-- SOURCE INFORMATION --

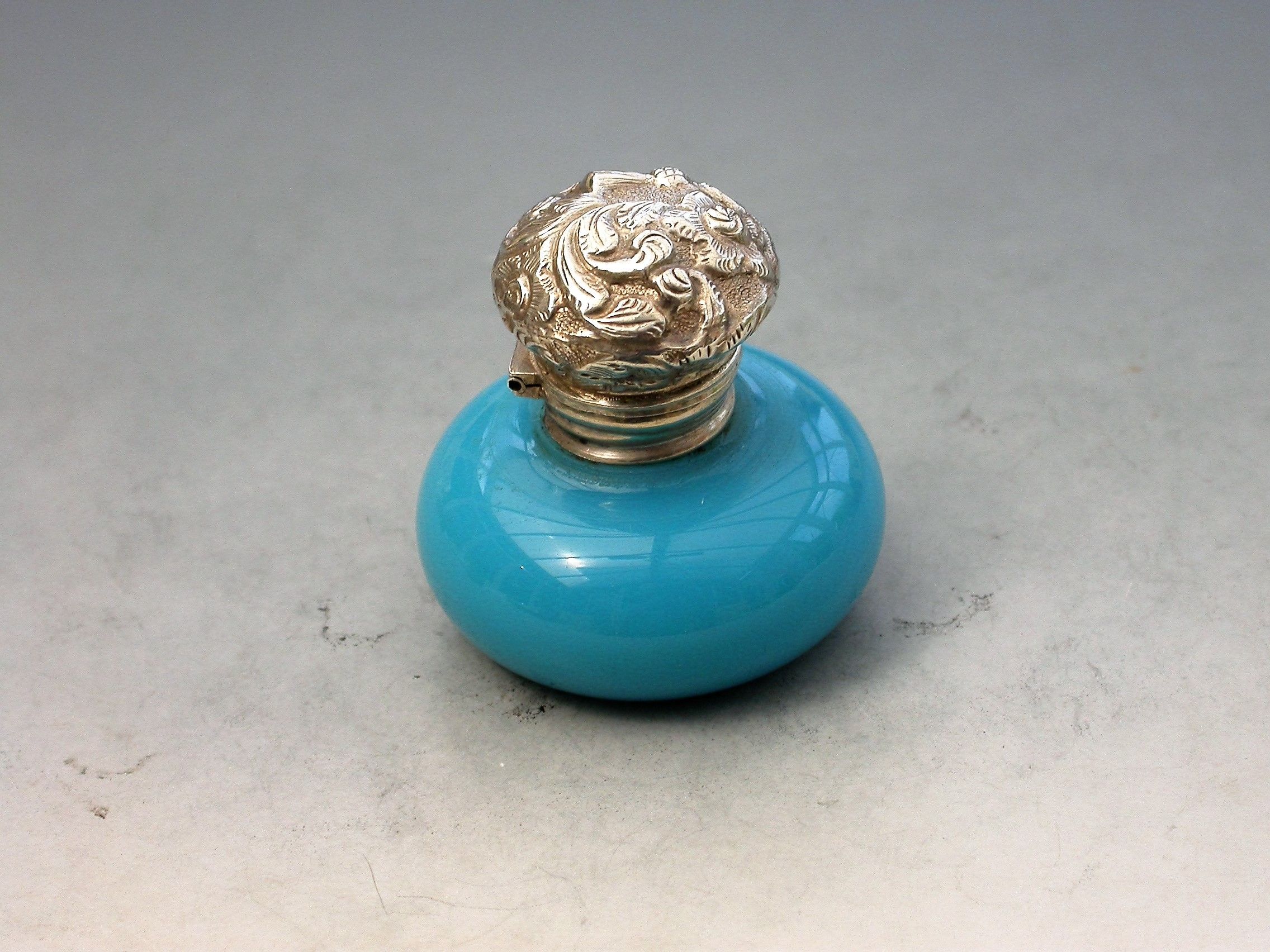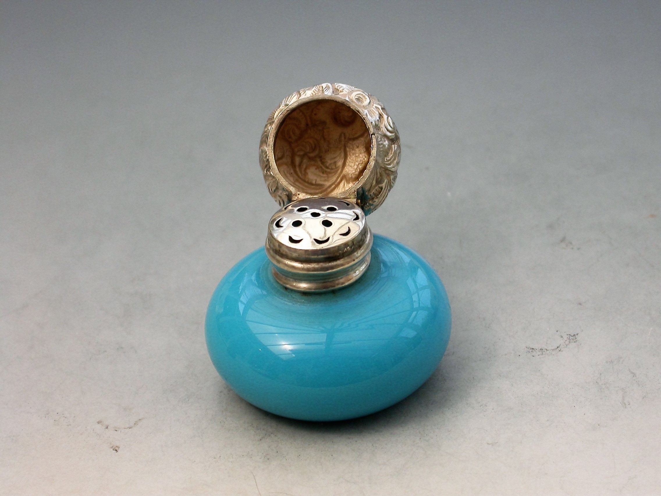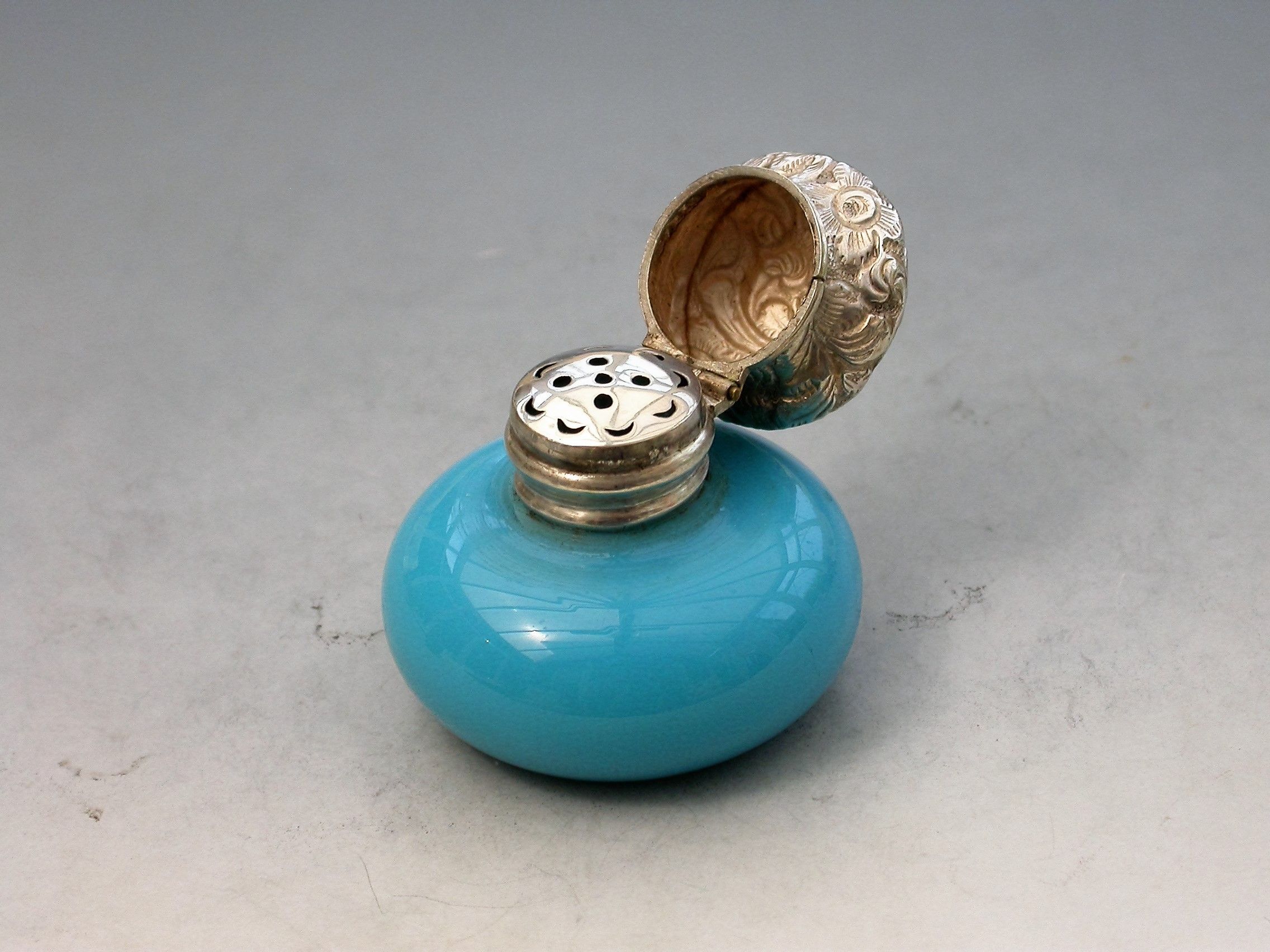 A Victorian silver mounted opaque turquoise glass Vinaigrette / Scent Bottle, the silver top chased with flowers and scrolls hinges open to reveal a pierced grille.
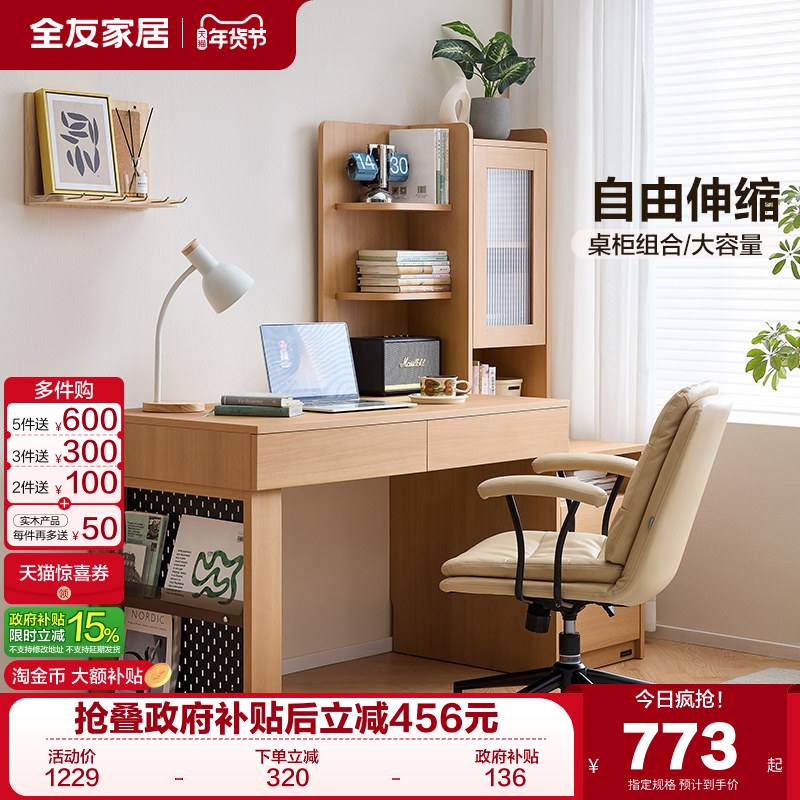 全友家居原木风伸缩组合书桌书柜一体卧室书房电脑桌办公学习桌子
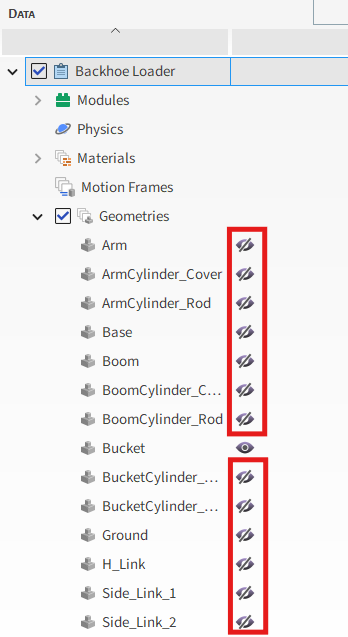 在Data面板的Geometries下,多选除Bucket组件以外的所有组件,然后点击眼睛图标,在视图中隐藏除铲斗之外的所有组件(如图所示)。
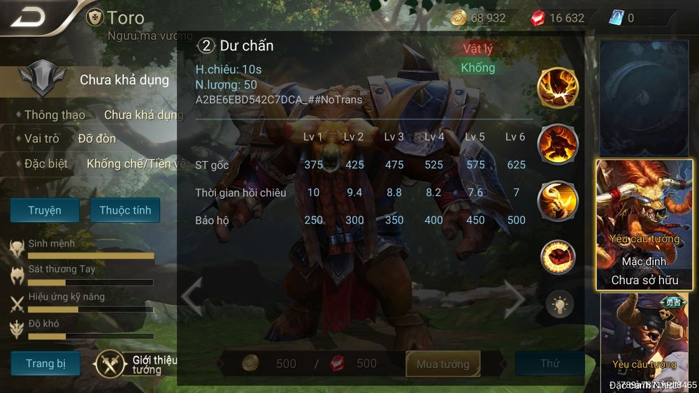 - เกราะดูดซับความเสียหาย : 250/300/350/400/450/500 → 250/300/350/400/450/500 (+ 2% HP สุงสุด)
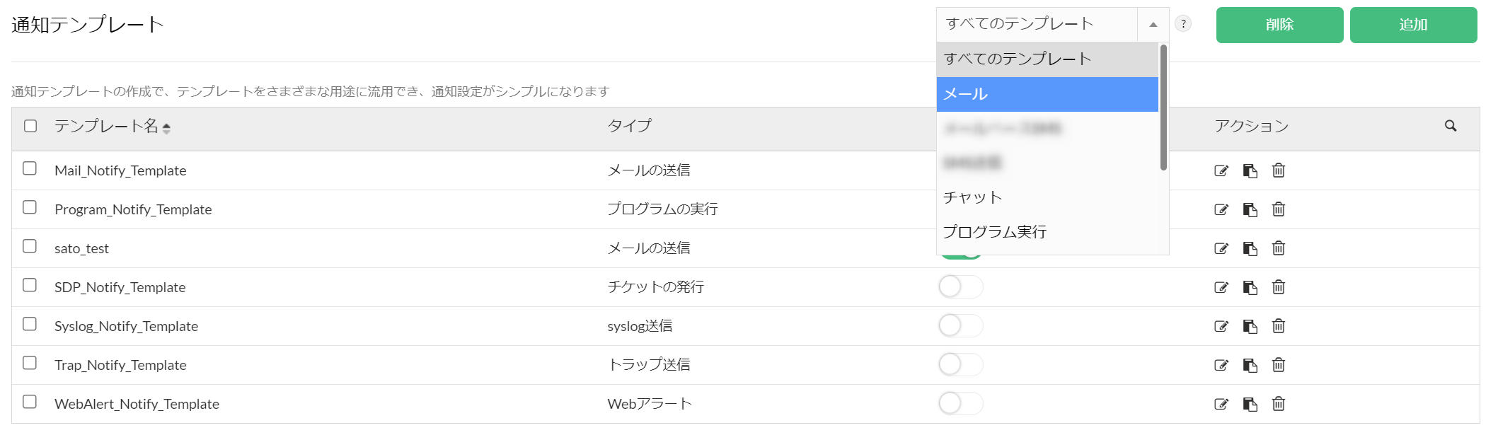 [タイプ]は、作成済み通知テンプレートの通知スタイル(メールの送信/プログラムの実行/syslog送信/(SNMP)トラップ送信など)を表します。
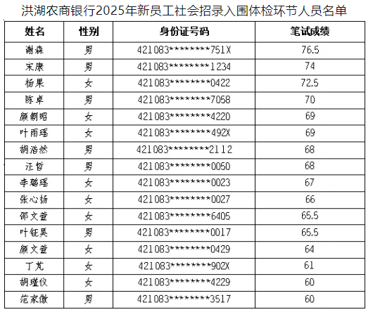 2025年洪湖农商银行新员工社会招录入围分数线公告
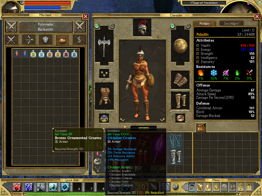 また,もう一つ重要なのが盾である。TITAN Questにおいて,盾の定義はArmor値とは別扱いとなっている。Shieldのステータスを見ると,「15% Chance to Block 34 Damage」というように表示されている。これは敵から攻撃を受けたとき「15%の確率でブロックし,発動したときはダメージを34軽減する」という意味である。要するに盾を持っていたほうがダメージを受けづらいということなのだが,分かりづらい場合は,序盤のザコ敵で盾あり/なしを試してみるといい。Health(ヒットポイント)の減り具合がかなり違うことが確認できるはずだ。序盤の敵は攻撃力もそれほど高くないので,基本的にはブロック率が高い盾を装備するといいだろう。
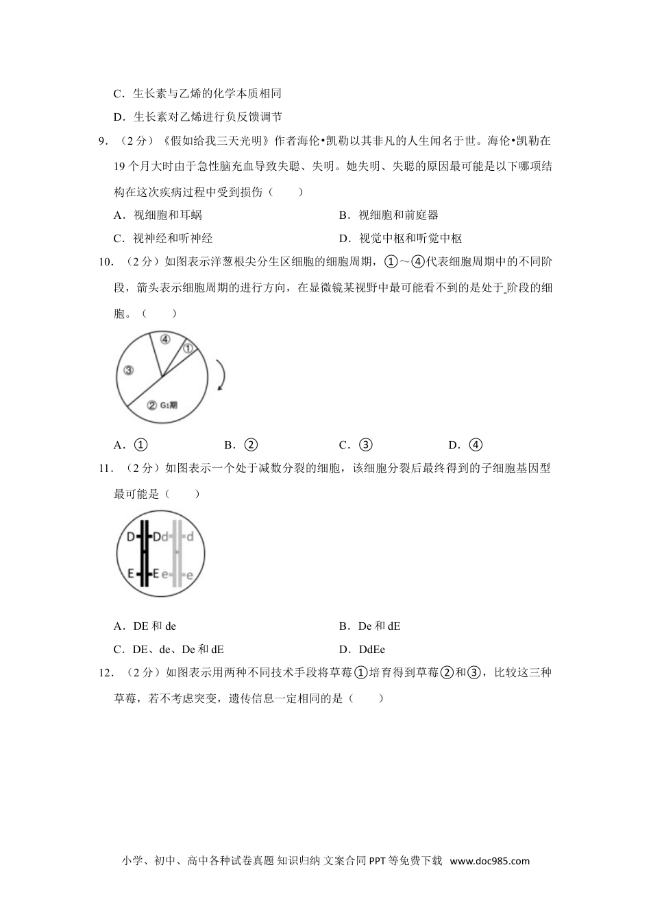2021年上海市奉贤区高考生物二模试卷一、选择题(共40分,每小题2分。每小题只有一个正确答案)1.(2分)小明通过低倍镜观察洋葱表皮细胞,某一时刻他在视野中观察到的细胞如图所示,为观察到清晰的物像,此时他应采取的操作是()A.切换到高倍镜B.调节粗调节器C.增加目镜测微尺D.旋转目镜2.(2分)牙菌斑是一种常见的生物被膜,这层导致龋齿的膜帮助细菌附着在牙釉质上,主要成分中含如图所示的化学键,则该膜主要成分中所含的化合物可能是()A.磷脂B.多糖C.核酸D.蛋白质3.(2分)如图表示水解反应,其中甲是ATP。下列说法正确的是()A.大圈表示腺嘌呤B.丙是RNA基本组成单位之一C.在主动运输过程中,乙的含量会明显减少D.甲→乙和乙→丙过程中,相关酶活性部位的空间结构相同4.(2分)如图为正常菠菜叶片中叶绿体色素的层析结果.用缺镁的完全培养液培养菠菜,一段时间后,取其新鲜叶片进行叶绿体色素分离实验,以下符合实验结果的是()小学、初中、高中各种试卷真题知识归纳文案合同PPT等免费下载www.doc985.comA.B.C.D.5.(2分)某小组探究酵母菌和乳酸菌的呼吸方式,实验装置如图所示,经过一段时间后,①~③装置中BTB试剂的颜色依次是()A.蓝色黄色蓝色B.黄色蓝色蓝色C.黄色黄色蓝色D.蓝色黄色黄色6.(2分)当前我国新冠疫苗研发处于全球第一方阵,已有多款疫苗进入三期临床试验。以下关于初次接种新冠疫苗的说法正确的是()A.接种新冠疫苗时引发了二次免疫B.新冠疫苗成分为抗体C.接种新冠疫苗能治疗新冠D.接种新冠疫苗后可产生记忆细胞7.(2分)长期暴露在印刷油墨挥发物环境中可使小鼠脑中氨基酸类神经递质的分泌减少,进而影响()A.突触前膜电位变化B.突触后膜电位变化C.突触间隙电位变化D.突触后膜受体数量8.(2分)实验表明,乙烯能抑制根系生长;低浓度的生长素可以促进根系生长,但较高浓度的生长素则抑制根系生长.下列有关解释最可能正确的是()A.生长素与乙烯相互转化B.较高浓度的生长素可能会诱导乙烯的合成小学、初中、高中各种试卷真题知识归纳文案合同PPT等免费下载www.doc985.comC.生长素与乙烯的化学本质相同D.生长素对乙烯进行负反馈调节9.(2分)《假如给我三天光明》作者海伦•凯勒以其非凡的人生闻名于世。海伦•凯勒在19个月大时由于急性脑充血导致失聪、失明。她失明、失聪的原因最可能是以下哪项结构在这次疾病过程中受到损伤()A.视细胞和耳蜗B.视细胞和前庭器C.视神经和听神经D.视觉中枢和听觉中枢10.(2分)如图表示洋葱根尖分生区细胞的细胞周期,①~④代表细胞周期中的不同阶段,箭头表示细胞周期的进行方向,在显微镜某视野中最可能看不到的是处于阶段的细胞。()A.①B.②C.③D.④11.(2分)如图表示一个处于减数分裂的细胞,该细胞分裂后最终得到的子细胞基因型最可能是()A.DE和deB.De和dEC.DE、de、De和dED.DdEe12.(2分)如图表示用两种不同技术手段将草莓①培育得到草莓②和③,比较这三种草莓,若不考虑突变,遗传信息一定相同的是()小学、初中、高中各种试卷真题知识归纳文案合同PPT等免费下载www.doc985.comA.仅①②B.仅②③C.仅①③D.①②③13.(2分)健康人的HTT基因含有6~35个CAG重复序列,而亨廷顿氏疾病患者的HTT基因中含有36个以上多至250个CAG重复序列。引发该疾病的变异类型是()A.基因突变B.基因重组C.染色体结构变异D.染色体数目变异14.(2分)生活在南美安第斯山脉的剑喙蜂鸟有超长的鸟喙,该种鸟喙专门从西番莲11.4cm长的花冠中吸食蜂蜜,而西番莲则将剑喙蜂鸟作为专用传粉使者。剑喙蜂鸟和西番莲的进化关系是()A.自然选择的结果B.西番莲大量繁殖的结果C.定向突变的结果D.蜂鸟频繁使用鸟喙的结果15.(2分)“健康卫生非小事,一筷一勺见文明”,推行公筷行动,使用公筷公勺,可以有效避免消化道传染病的传播。从传染病预防的角度看该项措施属于()A.消灭病原体B.控制传染源C.切断传播途径D.保护易感人群16.(2分)留守儿童小明沉迷于网络游戏,一天突发性晕倒在电脑前,医生检查了小明的血常规,下列物质中不能在血浆中出...

-- EXERCISE GOAL --
Transcribe exactly each line of the records from the start up to and including the one with "2025年洪湖农商银行新员工社会招录入围分数线公告", and leave out every picture.

-- EXPECTED OUTPUT --
 A Victorian silver mounted opaque turquoise glass Vinaigrette / Scent Bottle, the silver top chased with flowers and scrolls hinges open to reveal a pierced grille.
 全友家居原木风伸缩组合书桌书柜一体卧室书房电脑桌办公学习桌子
 在Data面板的Geometries下,多选除Bucket组件以外的所有组件,然后点击眼睛图标,在视图中隐藏除铲斗之外的所有组件(如图所示)。
 - เกราะดูดซับความเสียหาย : 250/300/350/400/450/500 → 250/300/350/400/450/500 (+ 2% HP สุงสุด)
 [タイプ]は、作成済み通知テンプレートの通知スタイル(メールの送信/プログラムの実行/syslog送信/(SNMP)トラップ送信など)を表します。
 2025年洪湖农商银行新员工社会招录入围分数线公告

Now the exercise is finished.